Cara mengatasi: Ganti ucapan “maaf” dengan “terima kasih” ketika memungkinkan. Misalnya, alih-alih berkata “Maaf aku telat,” coba ucapkan “Terima kasih sudah menunggu.” Perubahan kecil ini bisa memiliki dampak besar.

2. Terlalu Banyak Menjelaskan Keputusan Kecil

Seseorang dengan harga diri rendah sering kali merasa perlu membela diri bahkan untuk hal-hal sepele. Contohnya, menolak undangan makan malam bisa menjadi paragraf panjang tentang jadwal padat, stres, atau anjing yang harus ke dokter hewan.

Padahal, keputusan pribadi tidak perlu selalu dijelaskan. Cukup jujur dan sederhana saja. Tidak perlu memberi alasan panjang-lebar.

3. Menangkis Pujian Seperti Sedang Menghadapi Serangan

Ketika seseorang memuji kamu, apakah kamu merasa tidak nyaman dan langsung menyangkal? Misalnya, jika seseorang berkata, “Kamu kelihatan keren hari ini,” kamu menjawab, “Ah, ini baju lama.”

Ini bisa menjadi tanda bahwa kamu belum terbiasa merasa layak menerima pujian. Menolak pujian bukanlah tanda kerendahan hati, tapi justru tanda bahwa suara hati belum sepenuhnya ramah.

Coba langkah sederhana: cukup katakan “terima kasih” tanpa perlu menyangkal. Biarkan pujian itu mendarat.

4. Bertahan dalam Hubungan yang Menguras Energi

Harga diri yang rendah membuat seseorang merasa tidak pantas mendapatkan yang lebih baik. Akibatnya, mereka bisa bertahan dalam hubungan yang tidak seimbang, melelahkan, bahkan menyakitkan.

Beberapa orang tetap tinggal karena pikirannya, “Setidaknya dia masih memperhatikan.” Padahal, kita berhak lebih dari sekadar “setidaknya”.

5. Meremehkan Kebutuhan Diri Sendiri

Tidak berani meminta kenaikan gaji, tidak berani bicara saat pasangan berkata sesuatu yang menyakitkan, lalu berkata pada diri sendiri, “Tidak apa-apa. Aku baik-baik saja.”

Namun, jauh di dalam, kamu tahu bahwa kamu tidak benar-benar baik-baik saja. Kebiasaan meremehkan kebutuhan pribadi sering muncul dari keyakinan bahwa meminta berarti merepotkan.

Harga diri yang sehat tahu bahwa kebutuhanmu penting.
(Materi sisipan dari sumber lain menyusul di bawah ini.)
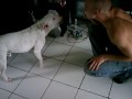 Haha ik klik het filmpje aan, maar mijn geluid stond voluit, dus hoorde keihard blaffen, m'n vriend lag gelijk stijf op de bank en Sensi gaat ook helemaal uit d'r dak haha...
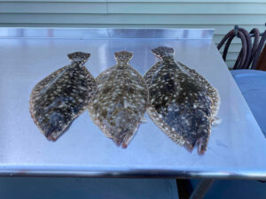 Caleb Powell, Bill Powell and Mike Shockley used Deadly Tackle Deadly Doubles to land three nice keeper flounder in the west channel today.
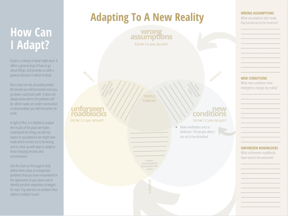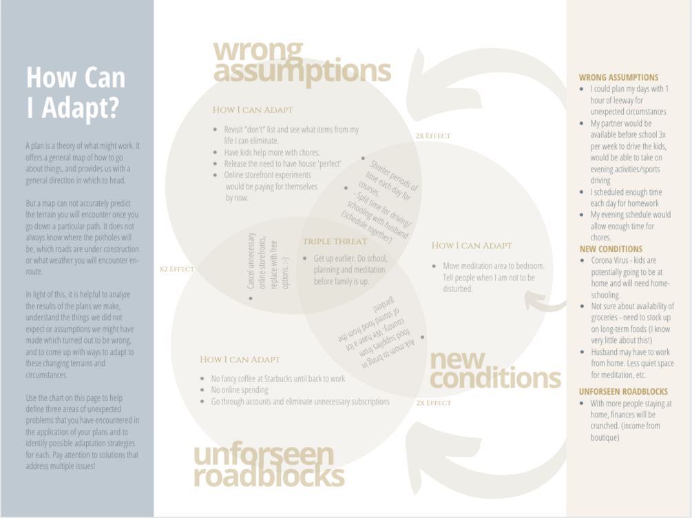 Easy-to use worksheet and idea prompts to assist you or your clients in dealing constructively with changing circumstances in relation to goals and plans. This version has a blank version of the worksheet.
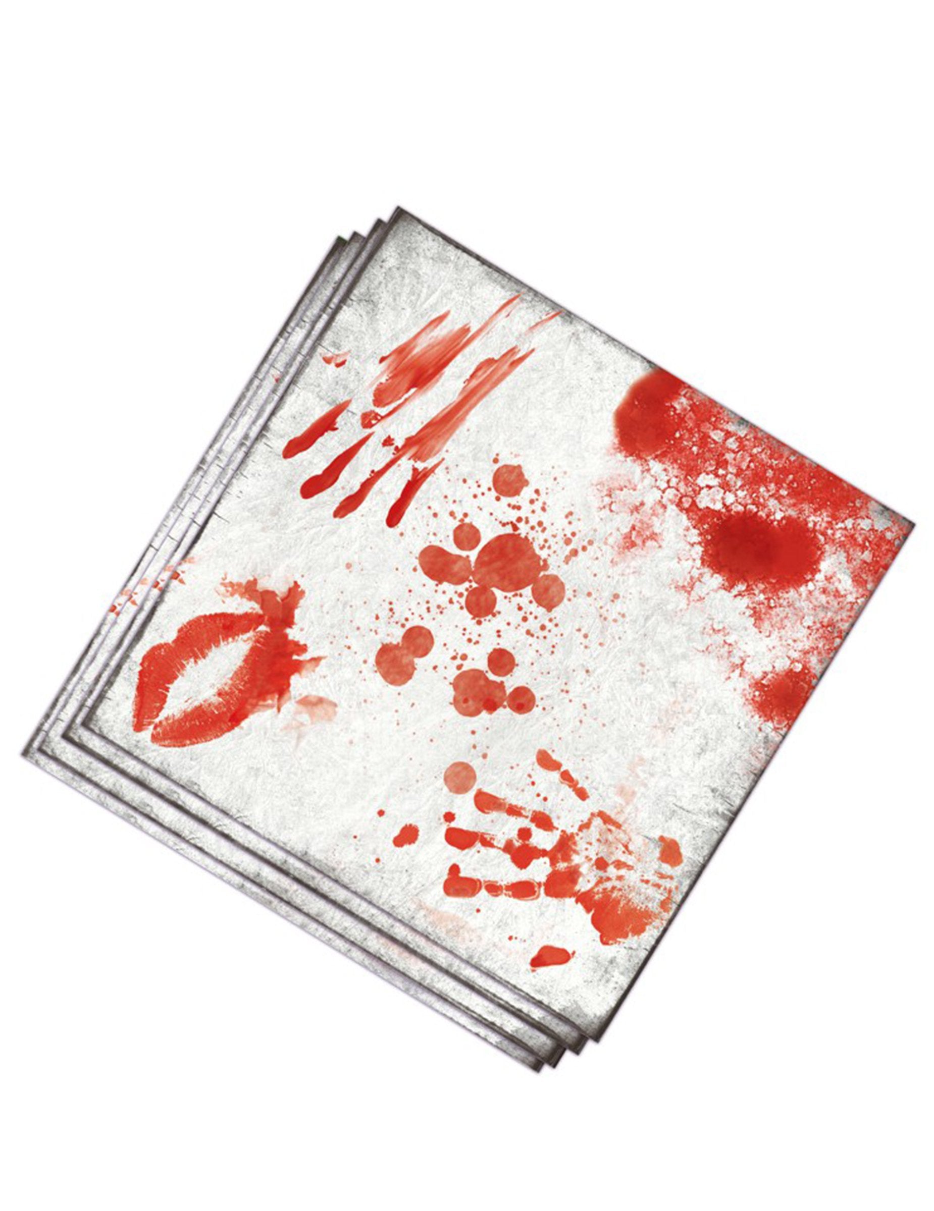 Ta paket je sestavljen iz 12 papirnatih brisač za noč čarovnic. Izmerijo približno 16,5 x 16,5 zložene in 33 x 33 cm, ko se enkrat razvije. So beli in imajo rdeč tisk, ki predstavlja sledi krvavih rok in brizganja krvi. Te brisače bodo kot nalašč za okrasitev mize med noč čarovnic.
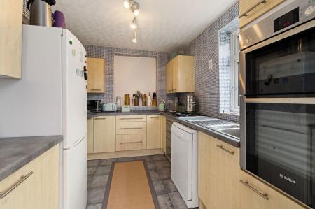 Vinyl floor, double glazed window to side, ceiling light fitting.  Range of base and eye level units with worktop over.  Mosaic tile effect walls.  One and a half bowl stainless steel sink with drainer and mixer tap.  Built in OVEN and GRILL, gas HOB, space for fridge freezer and dishwasher. Further cupboards with worktop over and door to
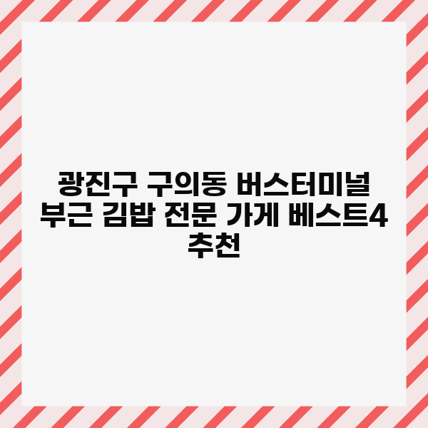 오늘 소개해 드린 광진구 구의동 버스터미널 부근의 김밥 전문 가게들이 여러분의 선택에 도움이 되셨기를 바랍니다.
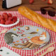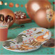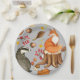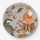 Autumn woodlands themed paper party plates feature fox and badger with leaves, berries, mushrooms and acorns on light grey background.
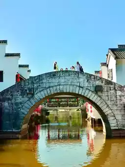 The Jiangnan water village area, small bridges and flowing water, people, wearing Hanfu and walking in, just like the people in the painting.
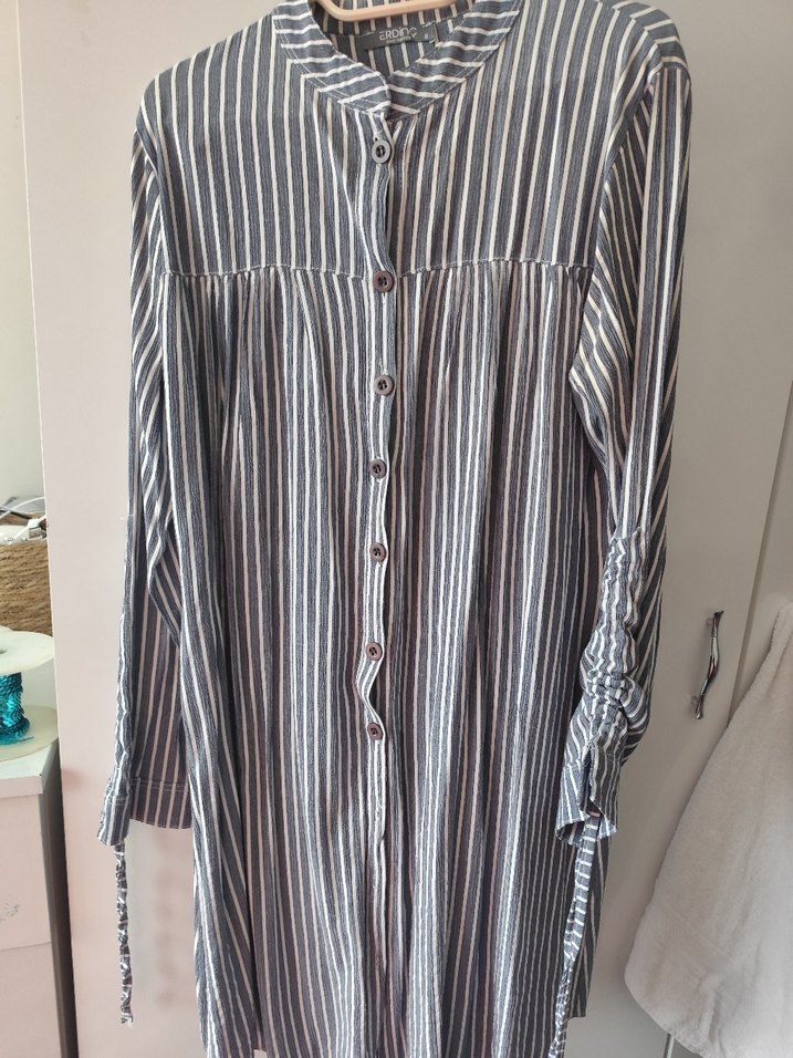 Gri tonlarda çizgili, uzun kollu, keten kumaştan yapılmış bol kesim gömlek. Düğmeli ve kayık yaka detayına sahip, günlük kullanıma uygundur.
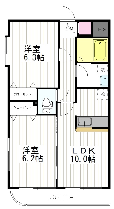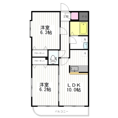 2LDK(51.72m²)└ 洋室6.3帖 洋室6.2帖 LDK10帖
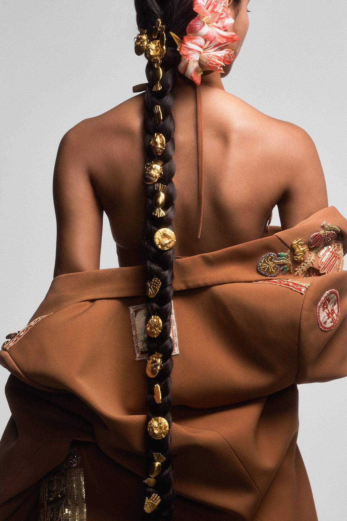 Using multiple traditional laces in a patchwork method, thrifted meenakari-esque buttons, earring backs and hand embroidered badges and stamps- the jaipur jacket is one of a kind. Over 60 small pieces all hand sewn onto a slouchy menswear inspired blazer, every small detail in this garment has a story to tell. Every piece is hand crafted and thus, unique and special in its own whimsical way. A slouchy style low waist trouser with a toffee gilded waistband and hook closure. This trouser is an elevated staple to have in your wardrobe and is versatile to style in multiple way. Since the inception, house of masaba has created a treasure chest of motifs that have found a way into your hearts and closets, kinda kooture is a celebration of these mascots that has made the brand what it is.
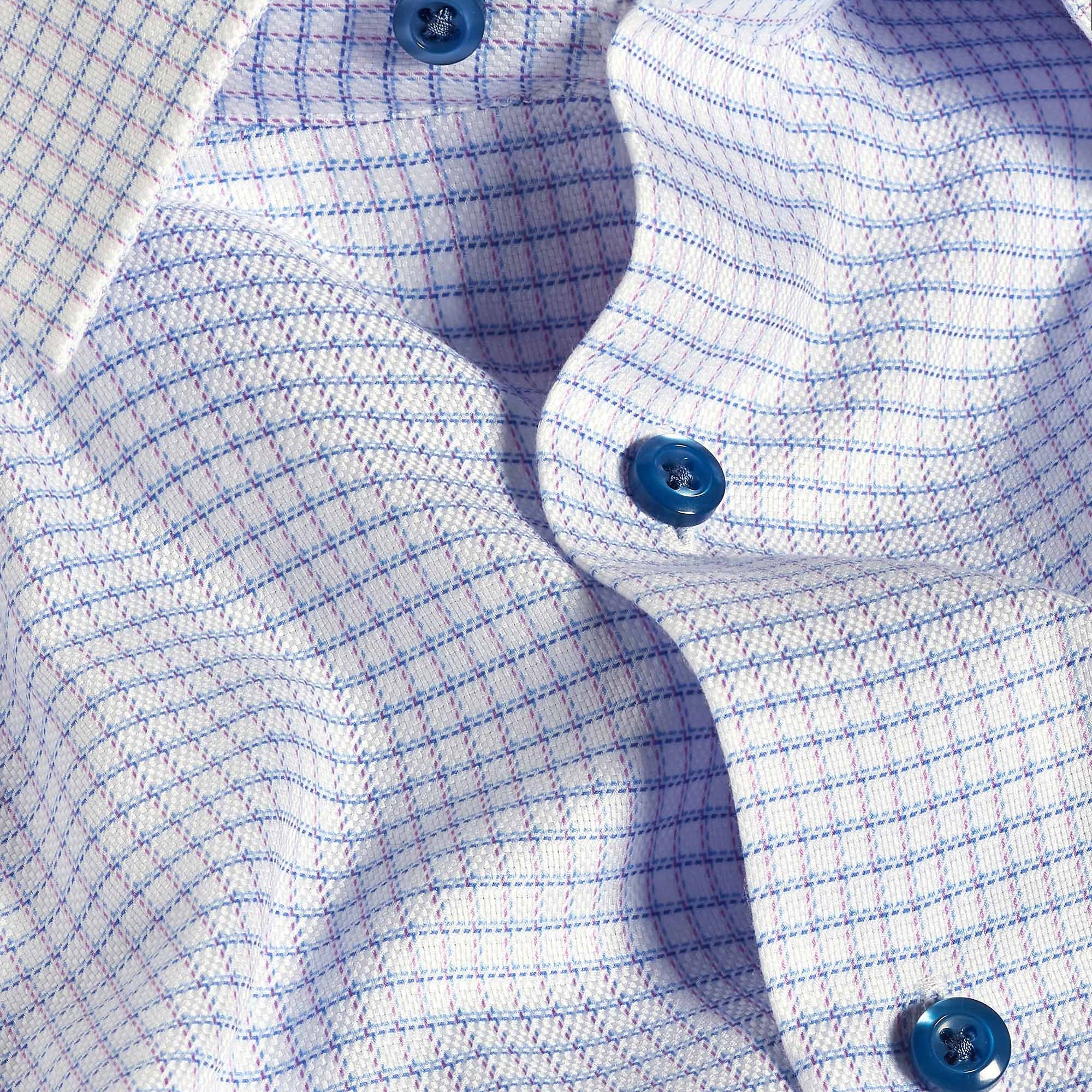 White & Blue Twill Check Stretch Dress Shirt
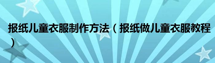 关于报纸儿童衣服制作方法,报纸做儿童衣服教程这个很多人还不知道,今天菲菲来为大家解答以上的问题,现在让我们一起来看看吧!
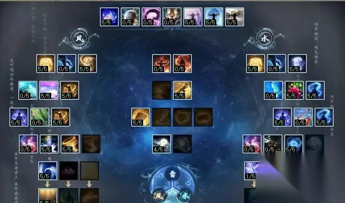 60点天赋以上采用风水天赋的任务仙,风半区参照任务60点的图去点,水法半区参照上图点,只是要将踏水技换成“凝神入魄”。 PK用风雷双天赋可不可以?可以,但主要是针对主雷法的仙,那个会在讲雷法的时候再上图。主风法的仙,最好选用带水法的装备,双大招“好事成双”真香!
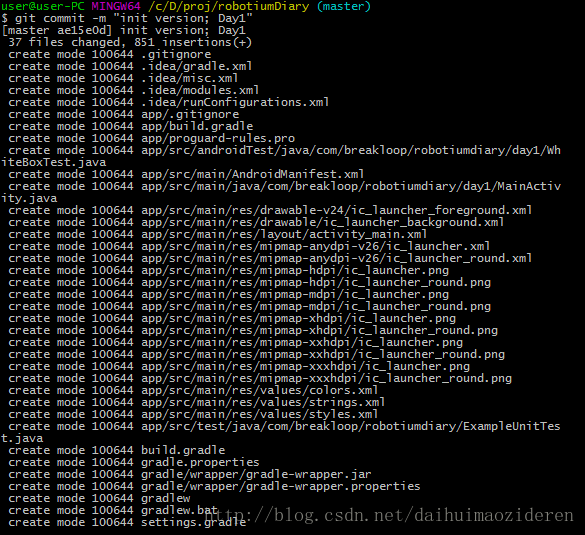 (3)进行项目开发,或将要上传的代码拷贝至robotiumDiary目录下,并提交commit。
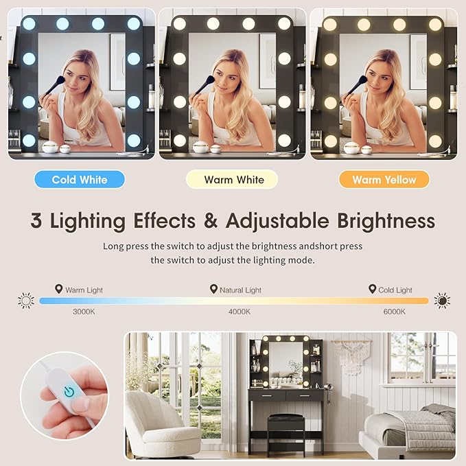 - 【3 Colors Lights with Brightness Adjustable】The vanity with mirror is surrounded by 10 Hollywood light bulbs with 3 color modes (warm/natural/cool) and adjustable brightness, providing a well-lit and clear reflection for easy makeup application or grooming.Suitable for live broadcast, video recording, salon and other activities.
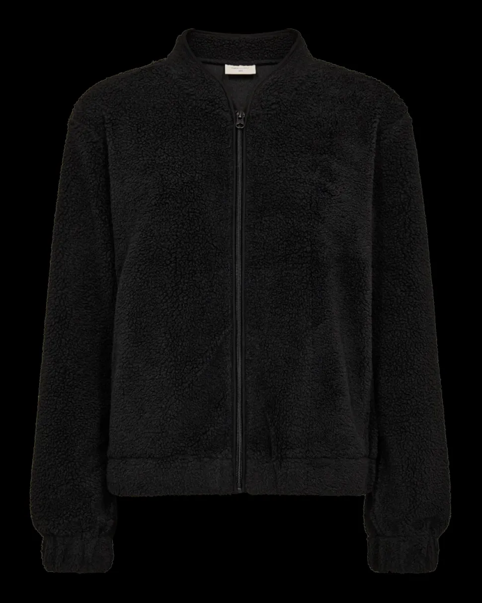 Freequent-pilottitakki pehmeästä nallekarhumaisesta materiaalista. Takissa on yksinkertainen siluetti, vetoketjukiinnitys, kaulus, etutaskut sekä joustava helma ja pitkät hihat.
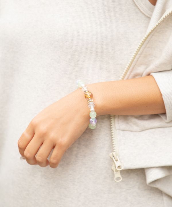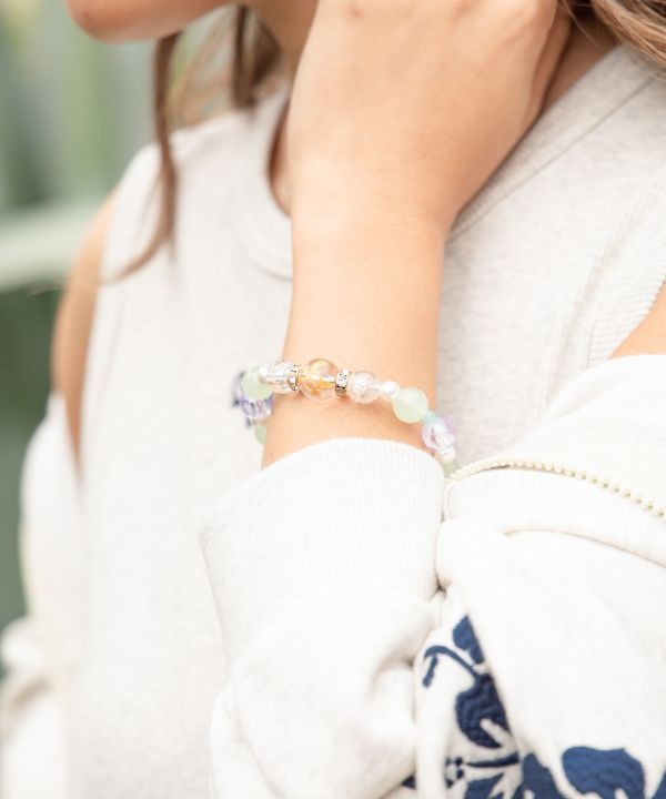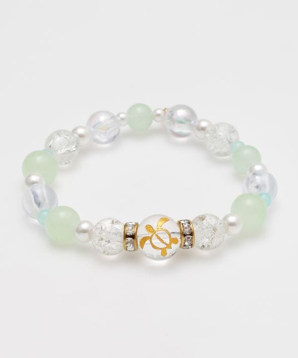 ハワイの海の輝きを閉じ込めたようなビーズをあしらったブレスレット。フラガール風のカラフルなデザインが手元を明るく彩ります。ハワイの文化でホヌ(ウミガメ)は大海の守り神とされ、旅のお守りにもおすすめです。
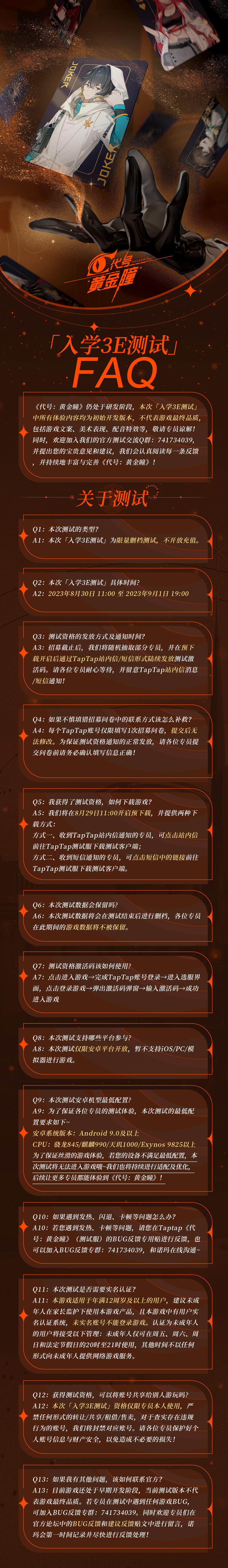 《代号:黄金瞳》「入学3E测试」将于8月30日正式开启! 诺玛为各位大家准备了本次测试的FAQ,欢迎各位专员点击下方长图进行查阅~
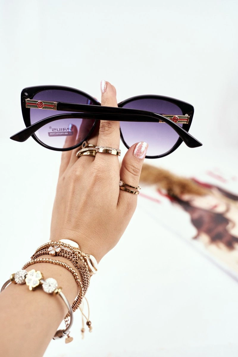 Okulary posiadają szkła z pięknym gradientem czerni oraz modne ozdoby na zausznikach widoczne na zdjęciach.Zdjęcia są naszego autorstwa i przedstawiają sprzedawany produkt.
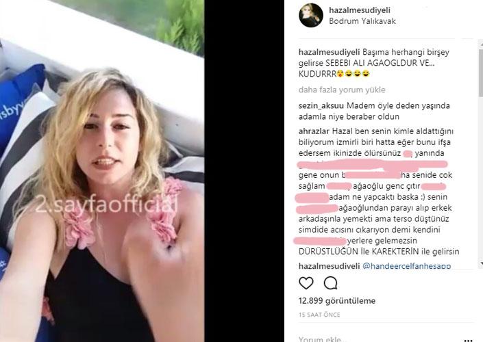 Ağaoğlu Şirketler Grubu Yönetim Kurulu Başkanı Ali Ağaoğlu’nun başını 2.5 yıl aşk yaşadığı eski sevgilisi Hazal Mesudiyeli ağrıtıyor. Sosyal medya hesabından paylaştığı videoda ve yorumlarında Ali Ağaoğlu’na veryansın eden Mesudiyeli, “Başıma herhangi bir şey gelirse sebebi Ali Ağaoğlu’dur… Kudurrr” ifadelerini kullandı.

Perasaanmu mungkin tidak selalu benar, tapi tetap valid.

6. Terus-Menerus Membandingkan Diri dengan Orang Lain

Kamu membandingkan hidupmu dengan potongan terbaik hidup orang lain yang kamu lihat di media sosial. Kamu merasa tertinggal, walaupun tidak tahu ke mana tujuanmu.

Perbandingan memang wajar, tetapi bisa menjadi racun jika dijadikan tolok ukur harga diri. Satu-satunya standar yang layak diikuti adalah diri sendiri versi yang lebih sehat, lebih sadar, dan lebih utuh.

7. Menghindari Kontak Mata

Kontak mata bisa terasa menakutkan saat harga diri sedang rendah. Rasanya seperti: “Kalau mereka melihat terlalu dalam, mereka akan tahu aku tidak cukup.”

Padahal, justru dari tatapan itulah koneksi dan kepercayaan tumbuh. Coba biasakan menatap lawan bicara sedikit lebih lama dari biasanya. Rasakan perubahan kecil yang terjadi dalam dirimu.

8. Terus Sibuk Agar Tidak Harus Duduk Sendiri

Kesunyian membuat suara batin yang kritis terdengar lebih jelas. Maka, kamu menghindarinya dengan tugas, media sosial, atau obrolan tanpa henti.

Padahal, keheningan juga bisa menyembuhkan. Kadang, terobosan terbesar muncul saat berjalan kaki tanpa headphone. Tanpa agenda. Tanpa perlu “produktif”.

9. Sulit Membuat Keputusan Sendiri

Setiap pilihan jadi beban. Membalas pesan? Harus tanya dulu ke tiga teman. Beli sabun cuci muka? Perlu baca 10 ulasan dulu.

Tidak ada yang salah dengan mencari masukan. Tapi kalau selalu begitu, mungkin bukan rasa ingin tahu yang jadi alasan melainkan rasa takut salah.

Kepercayaan diri dibangun bukan dengan bertanya terus-menerus, tapi dengan berlatih membuat keputusan sendiri. Dan berdamai jika hasilnya tidak sempurna.

10. Merasa Bertanggung Jawab atas Perasaan Orang Lain

Harga diri yang rendah membuat seseorang jadi “penjaga suasana hati” semua orang. Kamu menyerap emosi mereka, meminta maaf saat orang lain marah, mengecilkan diri agar tidak membuat orang lain tidak nyaman.

Tapi penting untuk diingat: kamu tidak bertanggung jawab atas reaksi orang lain. Empati tidak harus berarti kehilangan diri sendiri.

Harga diri yang sehat tidak berarti selalu merasa hebat. Tapi ia memberi ruang untuk jadi manusia seutuhnya—dengan kebutuhan, ketidaksempurnaan, dan keberanian untuk tumbuh.

Dan pertumbuhan itu dimulai dari satu langkah kecil: menyadari. Setelah itu, perlahan tapi pasti semuanya mulai berubah.